TASK DATA START

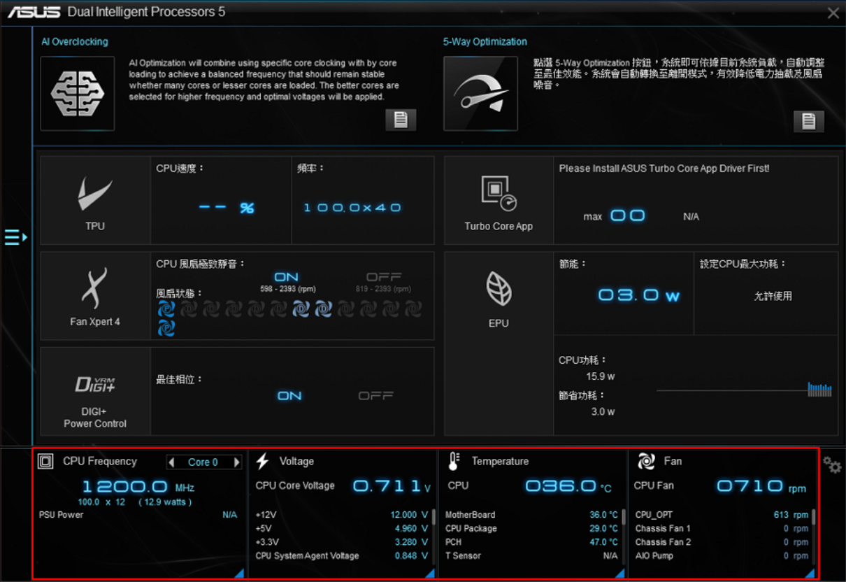 ASUS AI Suite 3 bietet automatisches CPU-Tuning für ASUS-Motherboards. Die Software analysiert die Kühlung Ihres Systems und erhöht die Taktraten durch ihre 5-Wege-Optimierungs-Engine. Es bietet Leistungssteigerungen mit einem Klick ohne manuelle Abstimmung.
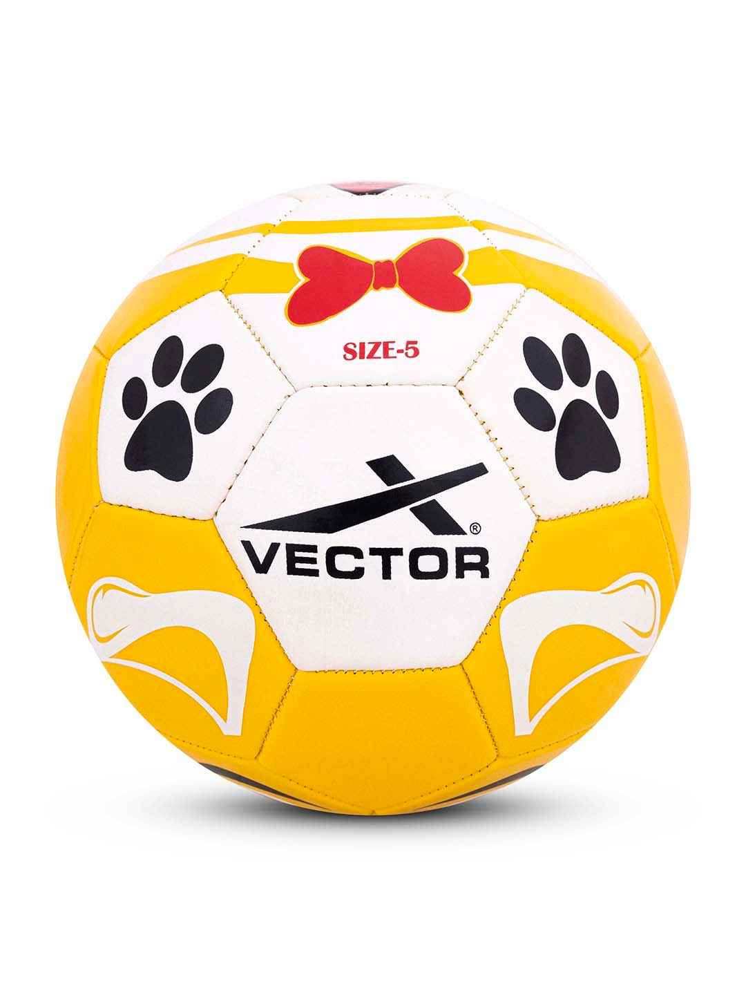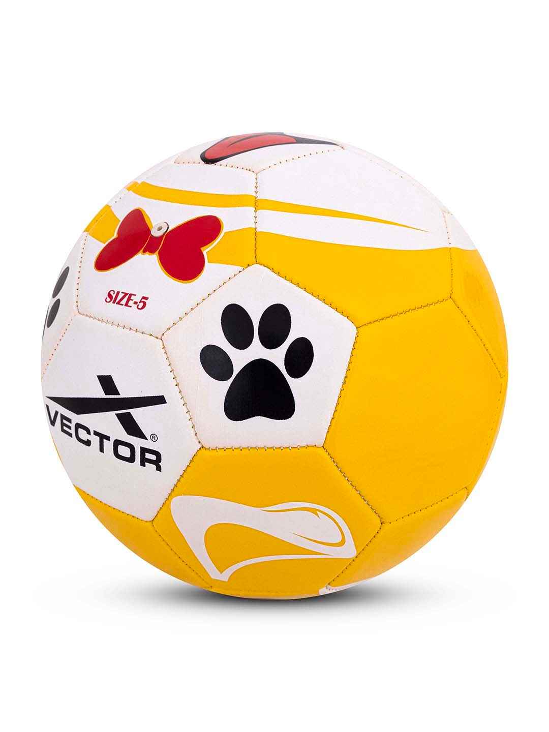 Make playtime exciting with Vector X dog face football designed especially for kids. Size 5 of this soccer ball for boy and girl features a fun animal cartoon print that children will love. Made from durable PVC machine stitched material with a strong 32 panel design, it offers long-lasting performance. With a diameter 23 cm and excellent water resistance, it’s perfect as an indoor outdoor ball. The package also includes a ball with pin for easy inflation.
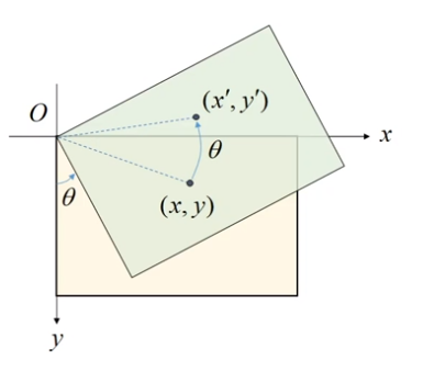 x,y 좌표를 반시계 방향으로 세타만큼 회전시킬때 위 수식을 대입시키면 x ' , y ' 의 결과값을 만들 수 있다.
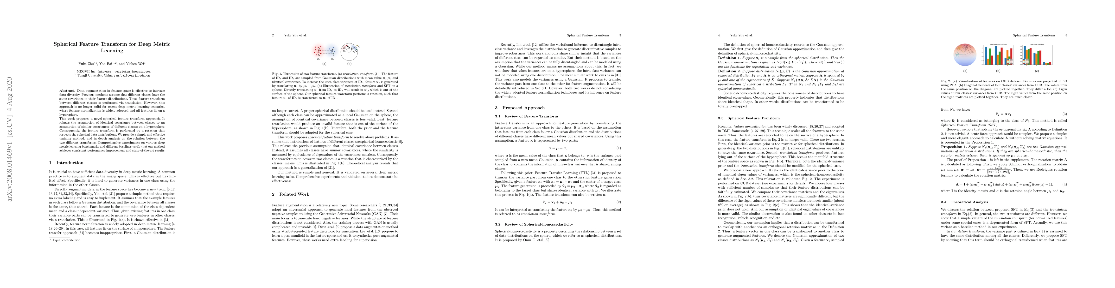 This paper proposes a spherical feature transform for deep metric learning that relaxes the assumption of identical covariance across classes, instead using rotation to transform features on a hypersphere. The method achieves state-of-the-art results across various benchmarks, demonstrating consistent performance improvement.
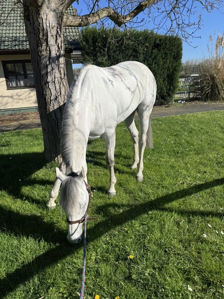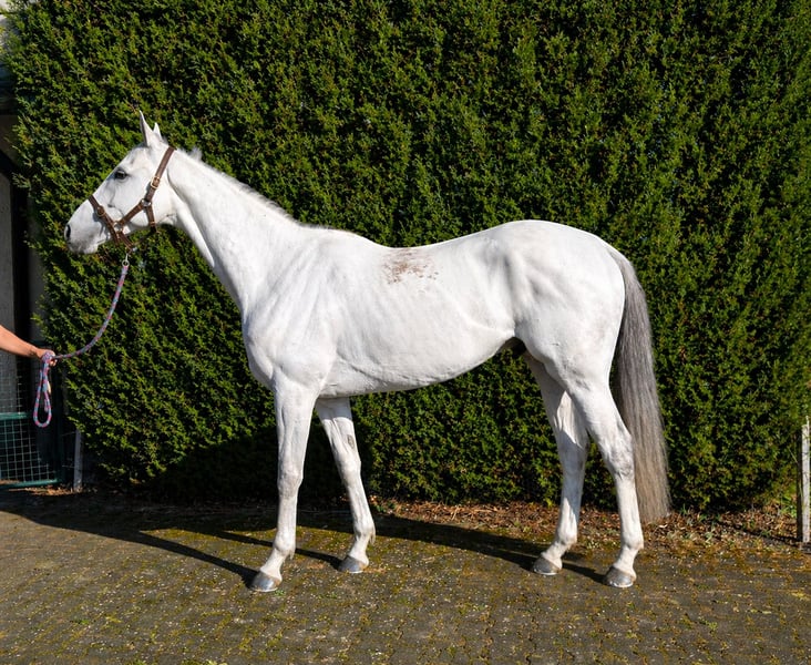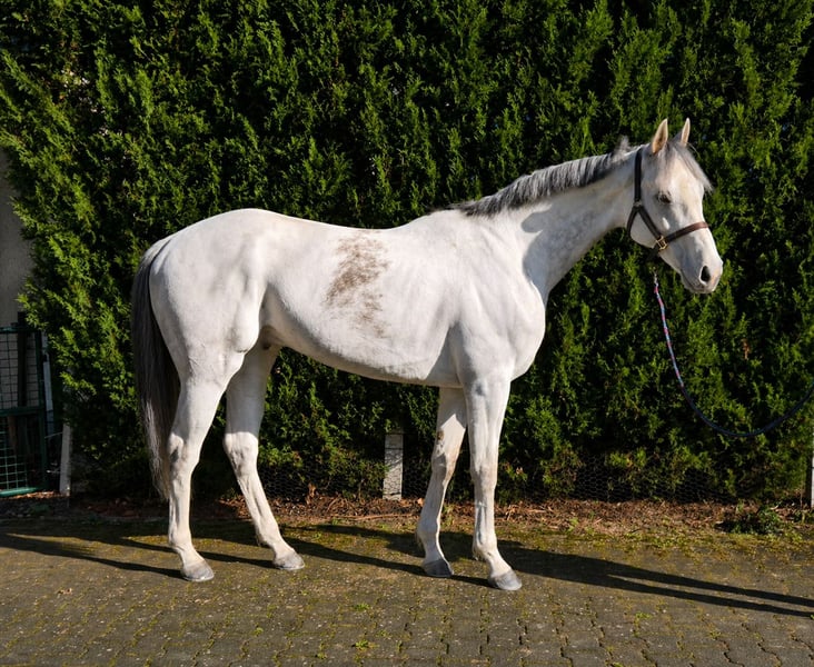 Der schönste Schimmel Deutschlands geht in Rente! Dieser 9 jährige wunderschöne Wallach beendet so langsam seine erfolgreiche Rennkarriere. Unser Udo, wie wir ihn nennen, ist kerngesund und hat den Tierarzt immer nur zum impfen gesehen. Ein eisenhartes Pferd! Im Umgang super lieb und absolut entspannt. Ab und an schaut er mal grimmig, aber er könnte keiner Fliege etwas zu Leide tun. Beim reiten ist er kein Anfängerpferd, da er im Galopp durchaus stark ist. Bocken oder steigen kennt er nicht! Im Gelände absolut nicht guckig, aber auch hier ist er im Galopp noch sehr eifrig. Das wird sich mit der Zeit sicher legen , doch man sollte schon ein erfahrener Reiter sein. Reitplatz kennt Udo ebenfalls schon. Aktuell 4-fach beschlagen, da er bis zu seinem Verkauf noch aktiv Rennen läuft.
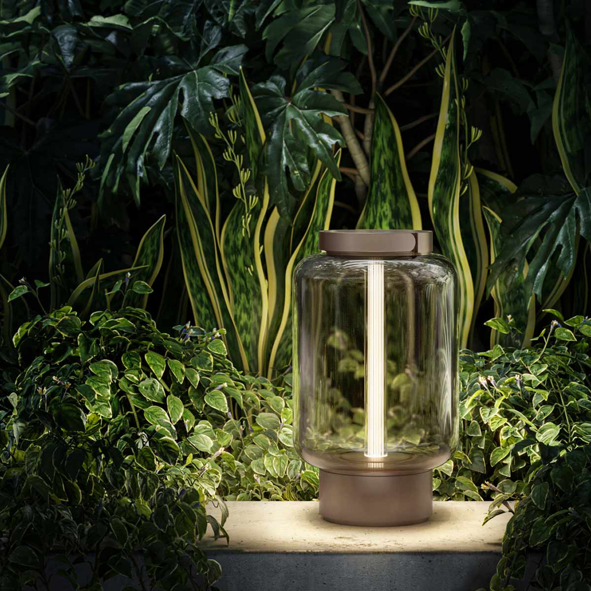 Decorative glass and a sleek light core create a chic look for the Qu Outdoor LED Portable Table Lamp from IP44.DE. A jug-like silhouette is crisp and clean, with a half-moon handle for easy portability within your backyard.
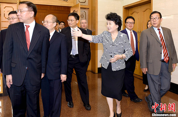 7月17日,中国国务院侨办主任裘援平、副主任王晓萍在北京会见国务院侨办海外专家咨询委员西藏考察团一行。中新社记者张勤摄7月17日,中国国务院侨办主任裘援平、副
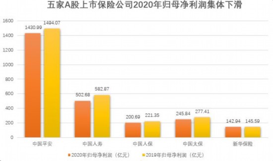 2020年,保險業受到了多維沖擊。一方面來自于行業各項改革帶來的業務轉型壓力,另一方面受疫情影響,公司正常展業受阻;诖,這一年度的五家A股上市保險公司業績略顯單薄,凈利潤集體下滑。
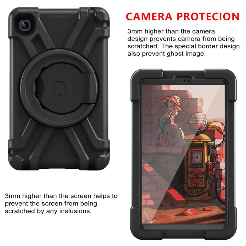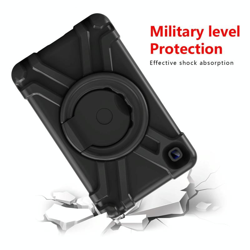 For Galaxy Tab A7 Lite T220/T225 PC + Silicone Shockproof Combination Case with 360 Degree Rotating Holder & Handle(Black+Black)
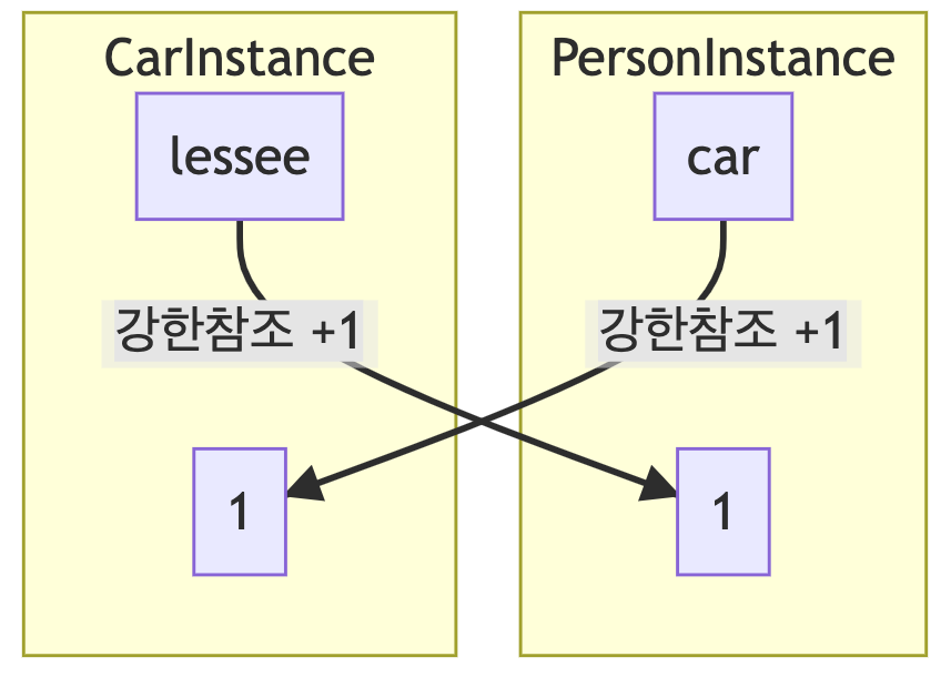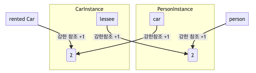 person과 rentedCar는 각각의 Person, Car 인스턴스에 강한 참조로 연결 된다. 이 시점에 각각 참조카운트는 1이다.
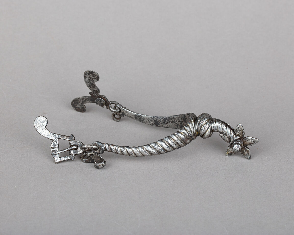 Despite its simple shape this spur is skillfully chiseled all over with a rope motif giving it a particularly sculptural aspect. In the early 17th century spurs became true fashion accessories often worn outside the equestrian context, and some of them were real pieces of jewelry. Even if this spur is simpler and more practical than its luxurious contemporaries, its design gives it enough elegance to align it with this idea.
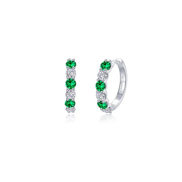Featuring a sophisticated scalloped edge, these hoops offer a delicate yet bold design that complements any outfit. The unique design creates a dynamic play of light, giving them a modern and refined appeal. Set with Lafonn's signature Lassaire simulated diamonds and simulated emeralds in sterling silver bonded with platinum.

TASK DATA END

WHAT YOU WILL DO →
Copy exactly, with no pictures, the lines from the line containing "For Galaxy Tab" through the last line of the records above.

WRITTEN ANSWER →
 For Galaxy Tab A7 Lite T220/T225 PC + Silicone Shockproof Combination Case with 360 Degree Rotating Holder & Handle(Black+Black)
 person과 rentedCar는 각각의 Person, Car 인스턴스에 강한 참조로 연결 된다. 이 시점에 각각 참조카운트는 1이다.
 Despite its simple shape this spur is skillfully chiseled all over with a rope motif giving it a particularly sculptural aspect. In the early 17th century spurs became true fashion accessories often worn outside the equestrian context, and some of them were real pieces of jewelry. Even if this spur is simpler and more practical than its luxurious contemporaries, its design gives it enough elegance to align it with this idea.
Featuring a sophisticated scalloped edge, these hoops offer a delicate yet bold design that complements any outfit. The unique design creates a dynamic play of light, giving them a modern and refined appeal. Set with Lafonn's signature Lassaire simulated diamonds and simulated emeralds in sterling silver bonded with platinum.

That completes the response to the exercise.